The track, Itzler believed, would be a hit after he turned it in. The initial reaction at the arena was muted. But the crowd warmed up to it throughout the Knicks’ 1994 playoff run and it stayed on the rotation of the influential radio station Hot 97.

“It evolved from an arena song to part of the fabric of the Knicks,” Itzler said.

He added: “I had no idea that was going to happen. I just wanted to get people to sing something during a timeout that would rally everybody and get them out of their seats and get something that was easy enough that everybody could chant, from 5 to 80 years old.”

The song’s success provided a launchpad for Itzler to create songs for other teams and leagues before becoming a successful entrepreneur and a part-owner of the Atlanta Hawks.

Over the years, the song has been remixed and updated with New York hip-hop icons like Doug E. Fresh, Q-Tip and Mobb Deep lending vocals.

“We done played it for so long that we actually like it, but I wouldn’t call it a masterpiece of a record,” Fat Joe said.

For much of the last generation, both the Knicks and the city’s once flourishing hip-hop scene fell on harder times.

The Knicks spent much of the 2000s cycling through institutional dysfunction, high payrolls, few wins and constant instability. The hip-hop spotlight had also left New York as Atlanta and the South became host to some of the most popular and innovative music.

Kyah Baby, an independent artist, is among those who feel like the city’s hip-hop scene flourishes when the Knicks thrive.

“I see a bunch of artists now making New York records, the New York sound is coming back, New York period is coming,” Kyah Baby said.

Last year, Rakim, Busta Rhymes, Styles P and Dave East teamed up for “Thank You New York Knicks,” a track that has reverberated during this run.

In an interview, East said Busta Rhymes asked him to join the track after Styles P and Rakim had already recorded their verses.
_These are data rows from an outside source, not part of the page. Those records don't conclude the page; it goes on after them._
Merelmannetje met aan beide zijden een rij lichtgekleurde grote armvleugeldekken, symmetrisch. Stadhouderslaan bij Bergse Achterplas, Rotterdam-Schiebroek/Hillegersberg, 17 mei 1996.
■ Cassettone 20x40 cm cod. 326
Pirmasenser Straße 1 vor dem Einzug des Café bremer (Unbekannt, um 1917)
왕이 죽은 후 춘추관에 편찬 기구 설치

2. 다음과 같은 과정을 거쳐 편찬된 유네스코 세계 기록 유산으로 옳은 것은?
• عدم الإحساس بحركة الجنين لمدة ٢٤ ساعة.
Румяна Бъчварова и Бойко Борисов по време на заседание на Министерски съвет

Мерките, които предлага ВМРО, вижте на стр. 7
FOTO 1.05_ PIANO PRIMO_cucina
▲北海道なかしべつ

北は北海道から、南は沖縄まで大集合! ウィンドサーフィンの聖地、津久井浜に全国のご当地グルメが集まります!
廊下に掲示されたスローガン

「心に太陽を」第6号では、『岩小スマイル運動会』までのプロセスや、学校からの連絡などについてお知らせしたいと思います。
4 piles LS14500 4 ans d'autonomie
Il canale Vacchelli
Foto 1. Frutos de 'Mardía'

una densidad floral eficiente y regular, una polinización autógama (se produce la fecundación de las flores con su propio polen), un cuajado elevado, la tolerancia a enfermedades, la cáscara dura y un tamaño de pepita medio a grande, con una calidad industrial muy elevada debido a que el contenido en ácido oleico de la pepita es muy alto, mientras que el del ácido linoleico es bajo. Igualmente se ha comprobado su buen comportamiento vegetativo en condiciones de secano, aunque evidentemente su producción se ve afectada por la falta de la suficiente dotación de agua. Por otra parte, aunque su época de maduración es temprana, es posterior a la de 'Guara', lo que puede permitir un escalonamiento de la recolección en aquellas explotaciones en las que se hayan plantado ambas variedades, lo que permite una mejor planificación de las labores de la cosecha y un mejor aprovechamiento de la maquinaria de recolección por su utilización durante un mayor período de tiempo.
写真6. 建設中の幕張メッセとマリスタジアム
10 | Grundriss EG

It was an easy yes for him.

“I’m tired of watching other cities win,” East said. “The Yankees and the Giants have won, but I feel like on the basketball side of it, with New York City being the mecca of street basketball and just the game itself, we’re overdo for a win.”

East said the song would likely be updated if the Knicks win the championship.
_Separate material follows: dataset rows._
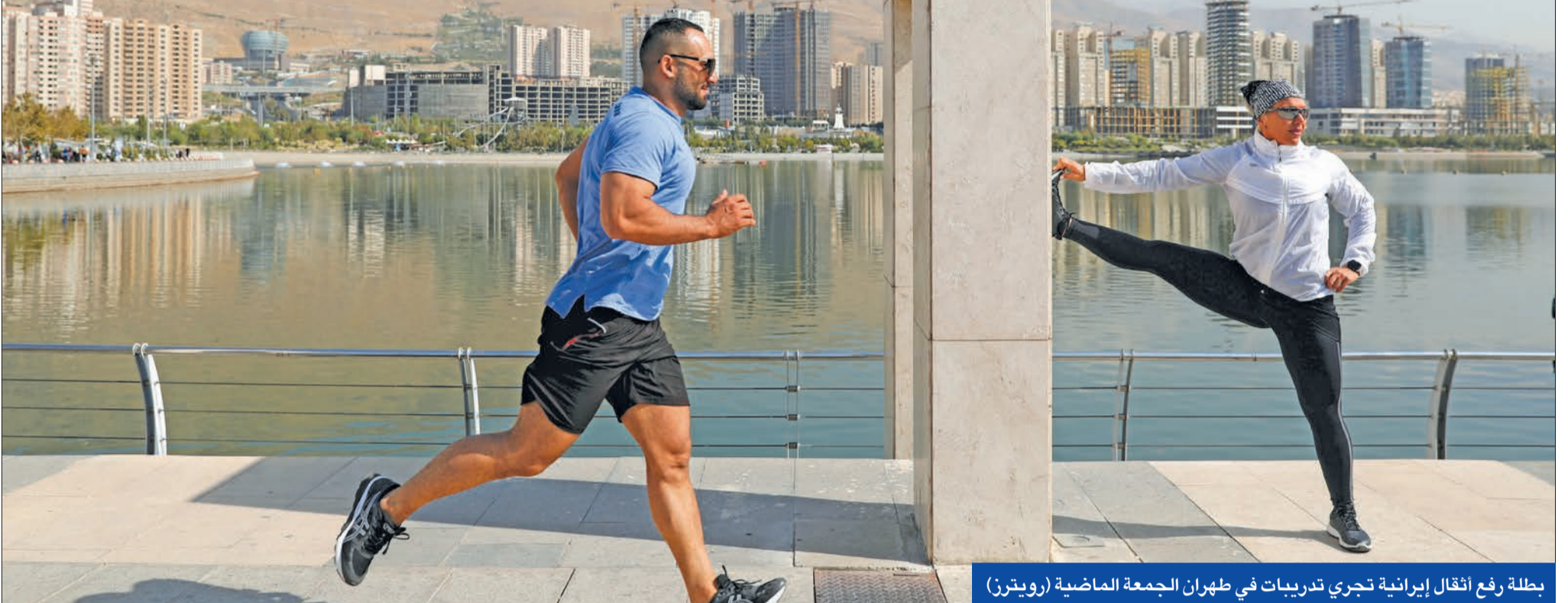
بطلة رفع أثقال إيرانية تجري تدريبات في طهران الجمعة الماضية

الأكثر دقة وتفصيلاً والذي يلتزم به أعضاء ائتلمعت بسبب ارتفاع أسعار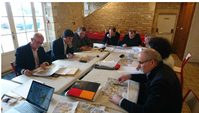
Mairie d'Esquay-sur-Seulles le 15 décembre 2017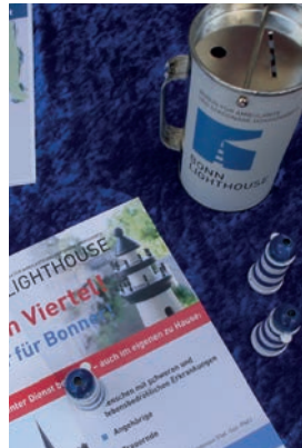
Unser Infostand mit Spendendose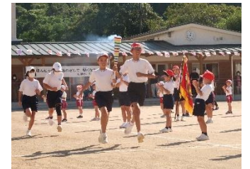
日積ふれあい運動会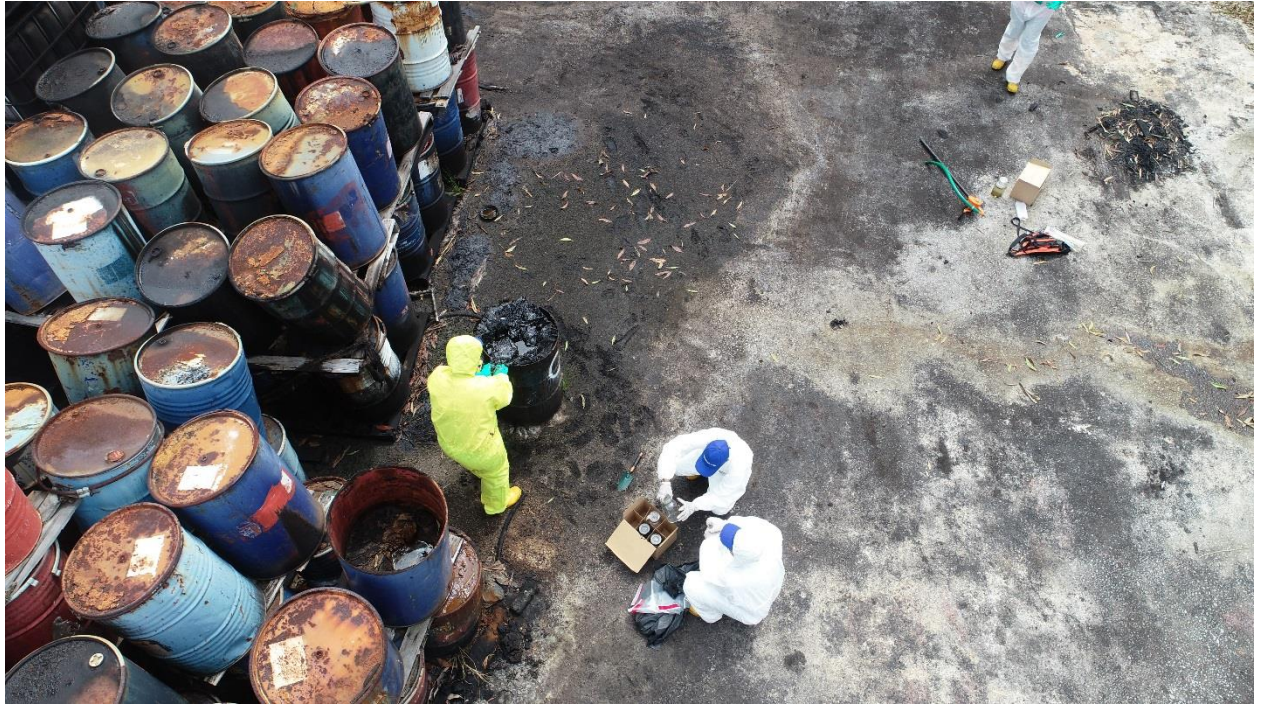
Pegawai JAS menjalankan percontohan buangan terjadual

“It has been probably the most exciting year with the Knicks in my life,” said East, a Harlem native who played college basketball. “I just turned 38, so this is heavy for me.”

Other tracks gaining traction this run include Skyzoo’s “Blue & Orange Everything” and “Big League (New York Knicks Anthem)” by Grafh.

Kyah Baby wrote the aggressive “New York Knicks Energy” during the team’s playoff run in 2023.

“I literally just woke up, threw my Frazier jersey on and went up the block to the park in my neighborhood and shot that video,” she said. “No makeup or nothing. I just shot it raw and put it out there to have visuals to match the song.”

As a child, Kyah Baby watched Spike Lee’s “Crooklyn.” The comedy-drama featured a story line about Knicks tickets and she always thought about what it would be like should the Knicks be champions during her lifetime.

“It’s been a while since the chip, but we’re going to do it again,” she says in “New York Knicks Energy.”

Kyah Baby updated her anthem for these Finals, which she expects the Knicks to win. “This team, it reminds me of myself and my career because being an independent artist is so hard. But it’s happening and waiting for your moment.”